▶ _Exercise objective_: Print the material below exactly as it stands, please, from its first line to the line holding "Full set of", with no pictures.

▶ _Data to use_:
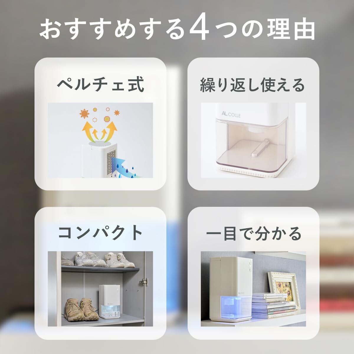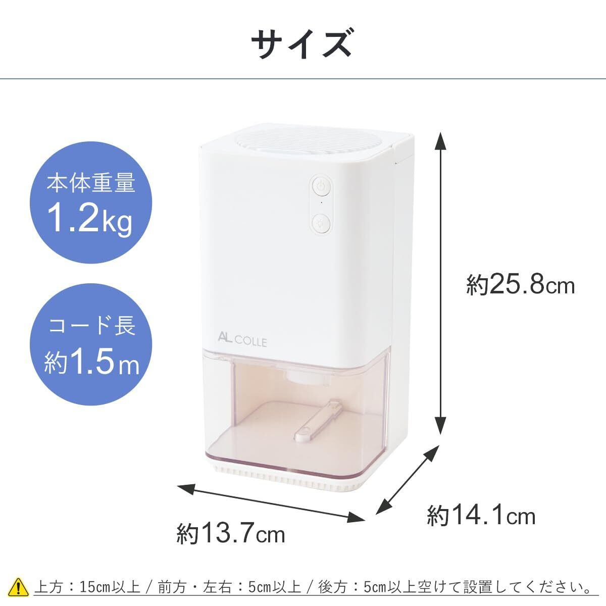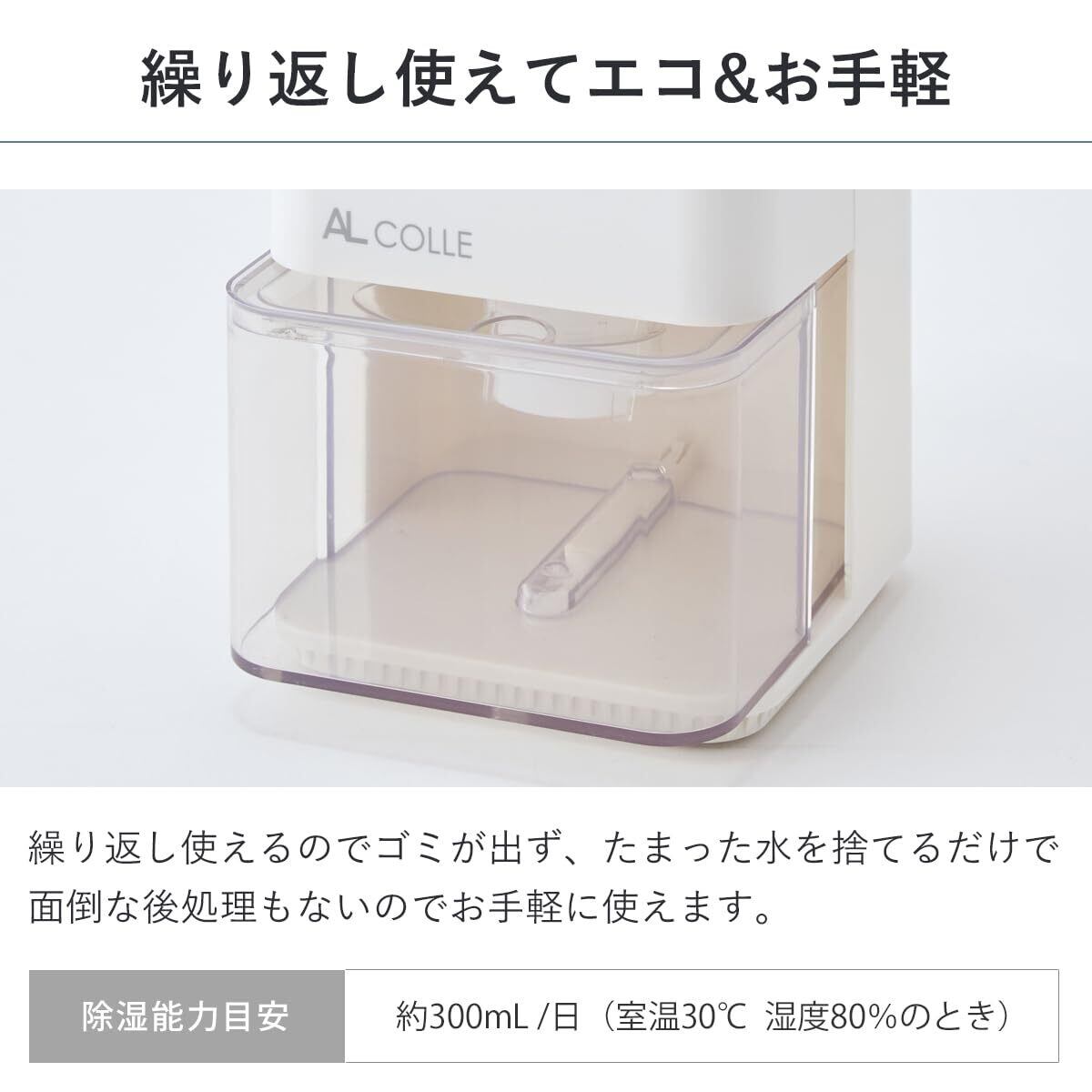 AL COLLE(アルコレ) ミニ除湿機 除湿器 1L 静音 コンパクト 省エネ ペルチェ式 クローゼット 押入れ 靴箱 収納 省スペース くり返し 満水検知 自動停止機能 満水お知らせランプ 取手付 半透明タンク ACアダプター
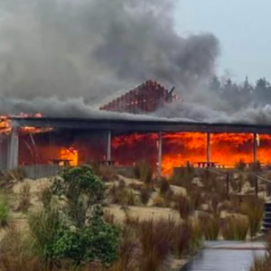 A fire tore through the restaurant at Te Arai Links Sunday morning, leaving the building destroyed. Fire...
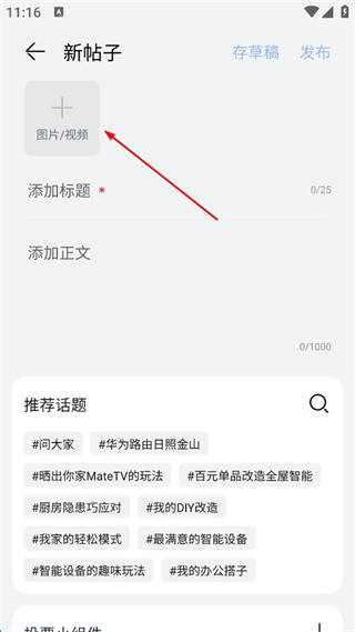 2、在新帖子頁面點(diǎn)擊圖片/視頻,添加所需圖片或視頻。
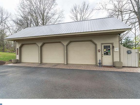 This unique, custom stone cape is located on a quiet road in the much desired Franconia Twp. Named one of the top safest towns in PA! This 3BR home is ever so nicely situated on a level lot with loads of curb appeal and professional landscaping. The long circle driveway offers plenty of parking and easy in and out. Three and a half car detached, heated garage features an abundance of storage and work space for that handyman, contractor or car collector. Storage Shed for lawn equipment to the right of garage. Oversized paver patio overlooks the exquisite grounds. Inside boasts a beautiful custom solarium, which leads to the functional kitchen and dining room (currently used as a living room). Large, open foyer upon entry of front door opens up into a huge family room with gorgeous stone fireplace wall, built in bar, newer upgraded carpet and windows galore displaying the scenic views. Full bedroom and full bath finish off the main level. Custom staircase leads you to the upper level featuring a large master bedroom with built in cabinetry, walk in closet, two additional closets, full master bath and a lovely deck which overlooks the gorgeous property and displays views of the sun setting. A good sized second bedroom with skylights and attached full bathroom finishes off the upper level. The unfinished walk out basement allows for additional storage and also includes the laundry area. This home offers loads of square footage and is awaiting your touches. Close to parks, shopping, dining and major Routes 113, 63 & 309. Newer roof with a 40 year shingle, Central Vac, New roof on garage and shed, Pella casement windows, top of the line heater and public sewer. Schedule a tour today!
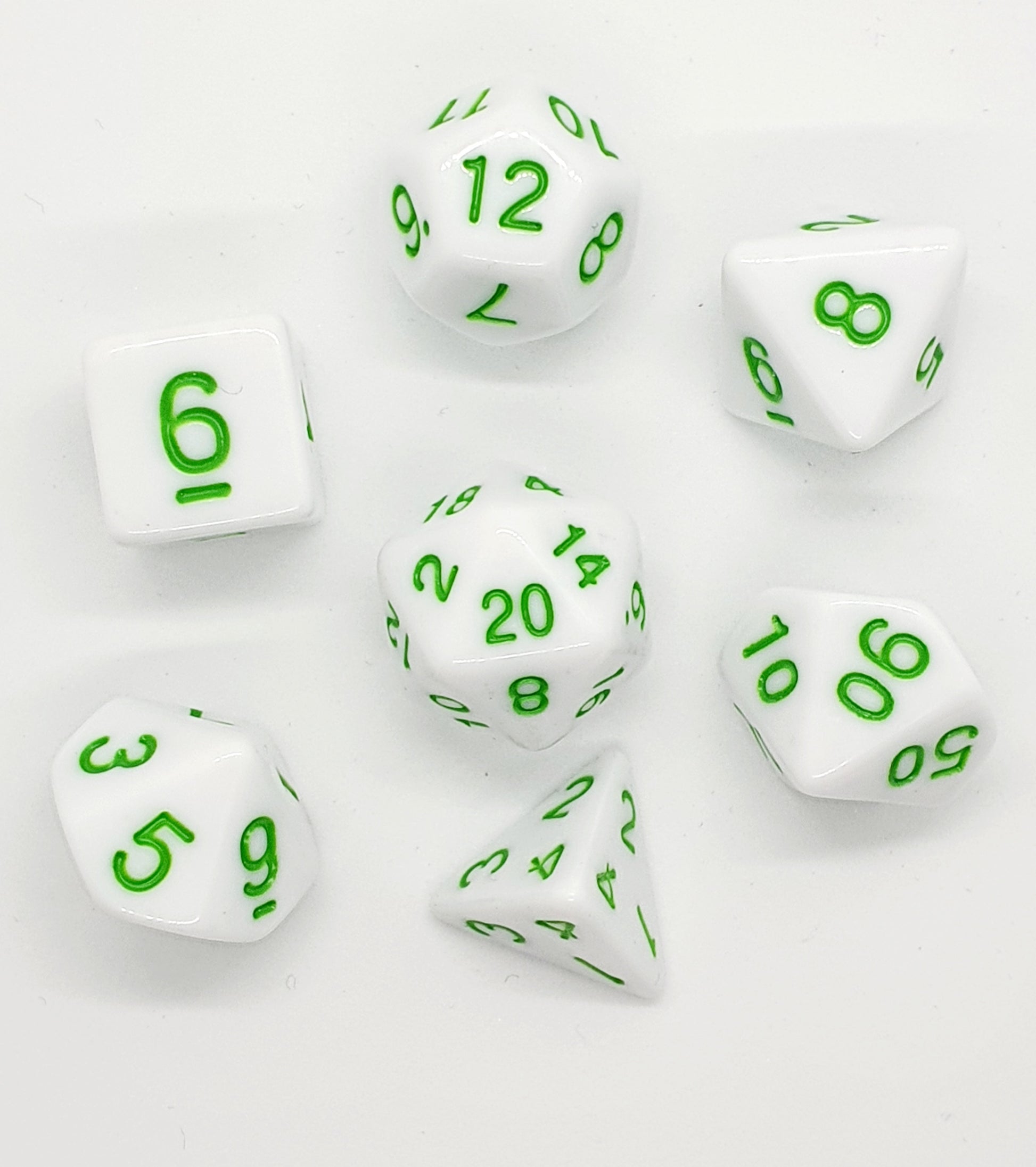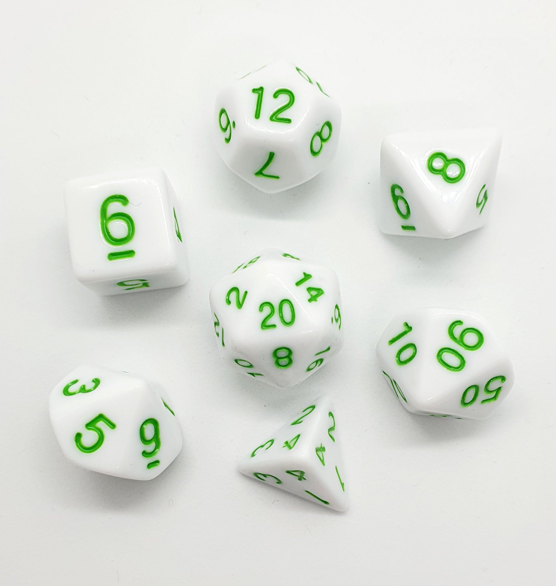 Full set of Polyhedral dice (d4, d6, d8, d10, d12, d20 and %)
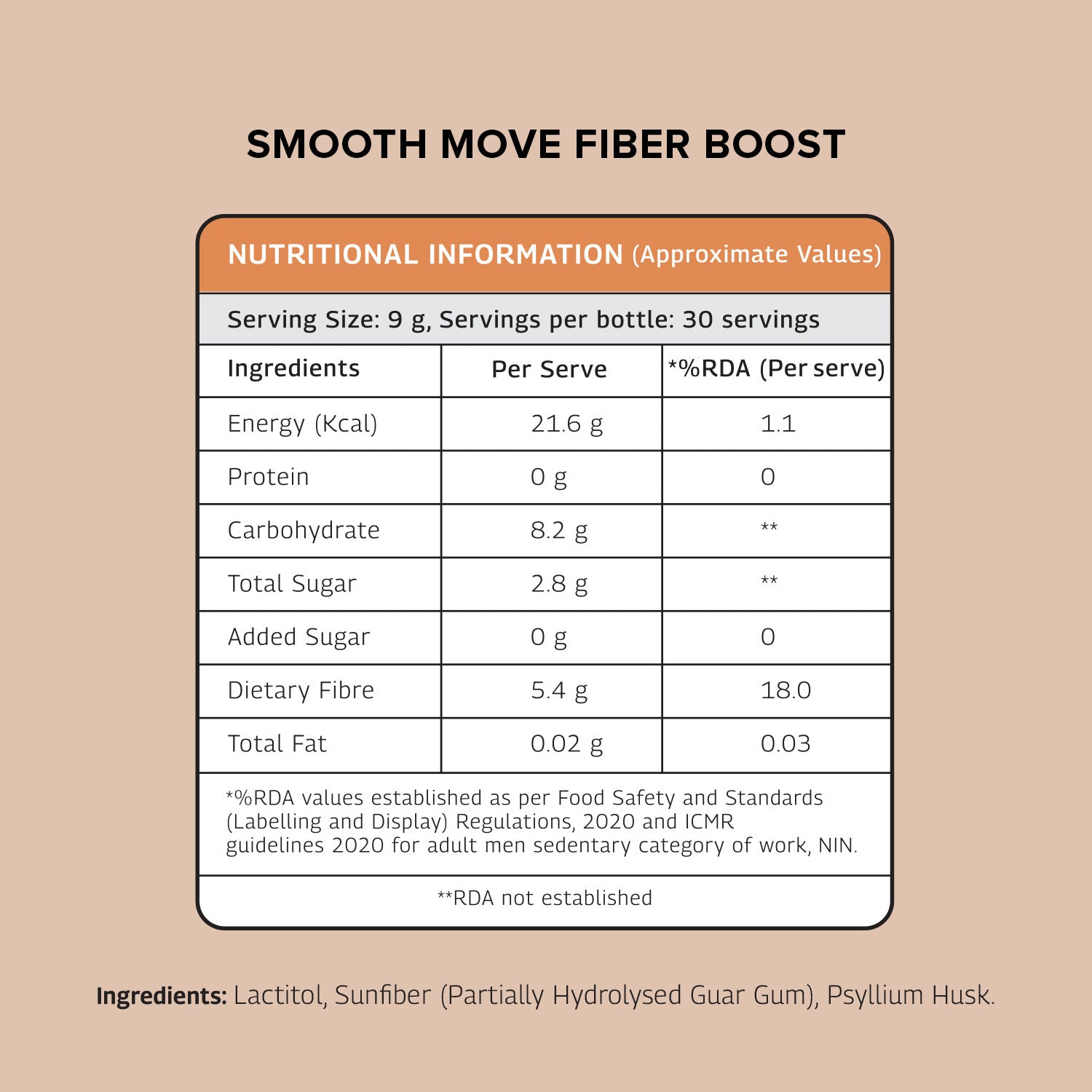Smooth Move Probiotic: Inulin, Sweetener [Mannitol (INS 421) & Sorbitol (INS 420 (i))), Glazing Agent [Polyethylene Glycol (INS 1521)], Magnesium gluconate, Acidity Regulator (Citric Acid (INS 330)], Bifidobacterium lactis, Sweetener [Steviol glycoside (INS 960)], Anti-Sticking Agent [Magnesium Stearate (INS 470 (iii))).Smooth Move Fiber Boost:Lactitol, Partially Hydrolysed Guar Gum, Psyllium Husk
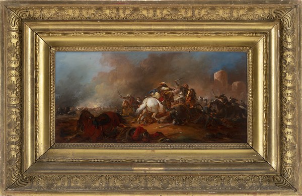 Scuola dell'Italia settentrionale, secolo XVIII Scena di battaglia Olio su tav
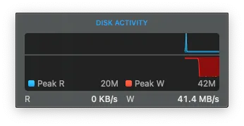 ディスクのアクティビティを見ると、ReadとWriteが同程度活発に動いています。エンクロージャのランプは、HDD1が点灯して、HDD2が点灯しているのでディスクのデータをOS経由でコピーしているようです。
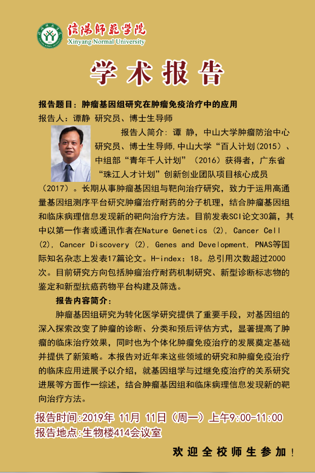 中山大学谭静研究员学术报告预告
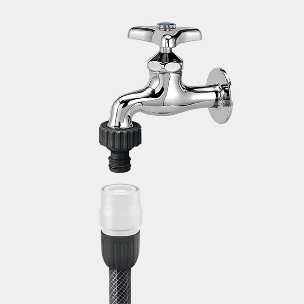 It can be attached to a threaded faucet (horizontal faucet with coupling or sprinkler tap) and the hose can be connected with one touch. Disconnect the faucet coupling.
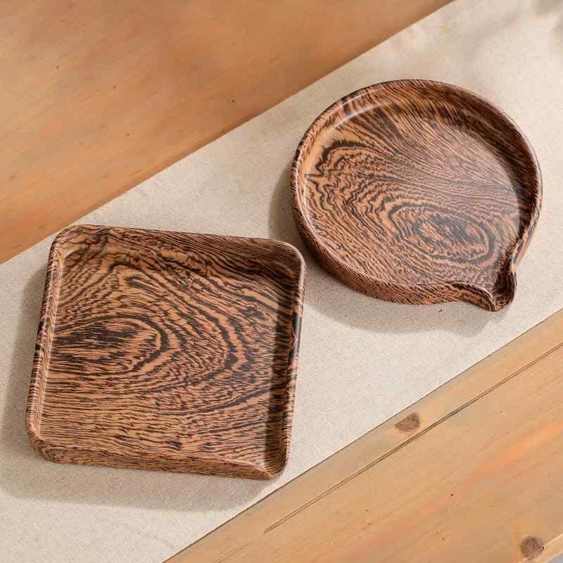 茶盤 メラミン製 花梨木色 胡桃木色 鶏翅木色 プーアル茶 餅鑑賞 家庭用 自宅用 シンプル おしゃれ 中式 茶器 四角 丸型 トレー
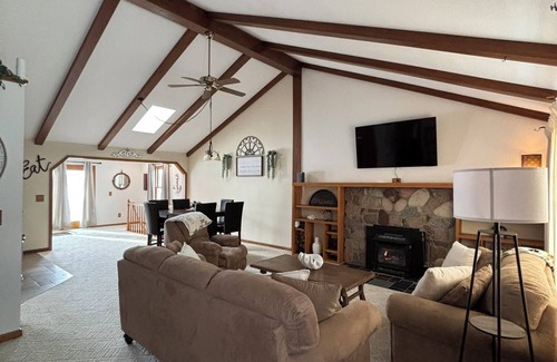 Al instalarte en este alojamiento de 3 dormitorios y 2 baños, encontrarás chimenea, aire acondicionado y escritorio. Conéctate al wifi, o relájate frente a un Smart TV. El cuarto de baño incluye un secador de pelo, toallas y papel higiénico. Prepara una comida casera en la cocina, equipada con horno, placa de cocina y frigorífico, además de cafetera y tetera, máquina de hielo y microondas. Y gracias a la lavadora y la secadora, podrás viajar con poco equipaje. Otras comodidades incluyen ropa de cama, una tabla de planchar, calefacción y una silla de oficina.
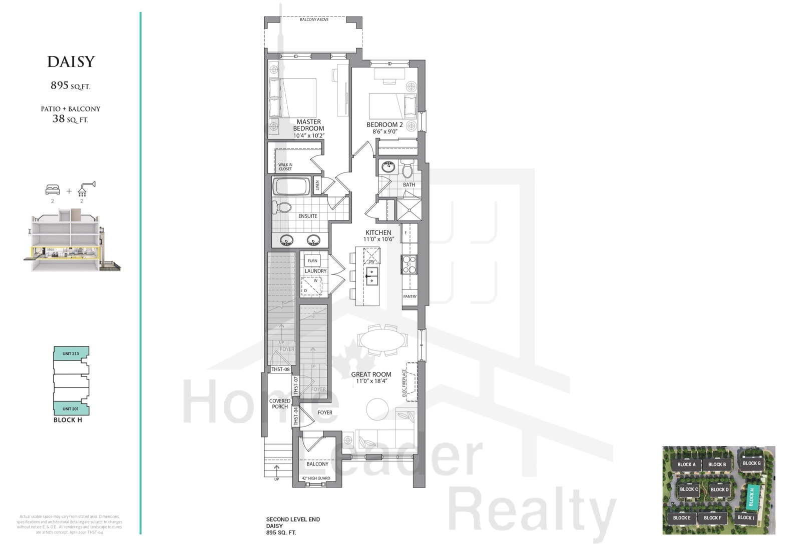 Daisy 2 Bed , 2 Bath 895 SQFT East

▶ _Solution to this problem_:
 AL COLLE(アルコレ) ミニ除湿機 除湿器 1L 静音 コンパクト 省エネ ペルチェ式 クローゼット 押入れ 靴箱 収納 省スペース くり返し 満水検知 自動停止機能 満水お知らせランプ 取手付 半透明タンク ACアダプター
 A fire tore through the restaurant at Te Arai Links Sunday morning, leaving the building destroyed. Fire...
 2、在新帖子頁面點(diǎn)擊圖片/視頻,添加所需圖片或視頻。
 This unique, custom stone cape is located on a quiet road in the much desired Franconia Twp. Named one of the top safest towns in PA! This 3BR home is ever so nicely situated on a level lot with loads of curb appeal and professional landscaping. The long circle driveway offers plenty of parking and easy in and out. Three and a half car detached, heated garage features an abundance of storage and work space for that handyman, contractor or car collector. Storage Shed for lawn equipment to the right of garage. Oversized paver patio overlooks the exquisite grounds. Inside boasts a beautiful custom solarium, which leads to the functional kitchen and dining room (currently used as a living room). Large, open foyer upon entry of front door opens up into a huge family room with gorgeous stone fireplace wall, built in bar, newer upgraded carpet and windows galore displaying the scenic views. Full bedroom and full bath finish off the main level. Custom staircase leads you to the upper level featuring a large master bedroom with built in cabinetry, walk in closet, two additional closets, full master bath and a lovely deck which overlooks the gorgeous property and displays views of the sun setting. A good sized second bedroom with skylights and attached full bathroom finishes off the upper level. The unfinished walk out basement allows for additional storage and also includes the laundry area. This home offers loads of square footage and is awaiting your touches. Close to parks, shopping, dining and major Routes 113, 63 & 309. Newer roof with a 40 year shingle, Central Vac, New roof on garage and shed, Pella casement windows, top of the line heater and public sewer. Schedule a tour today!
 Full set of Polyhedral dice (d4, d6, d8, d10, d12, d20 and %)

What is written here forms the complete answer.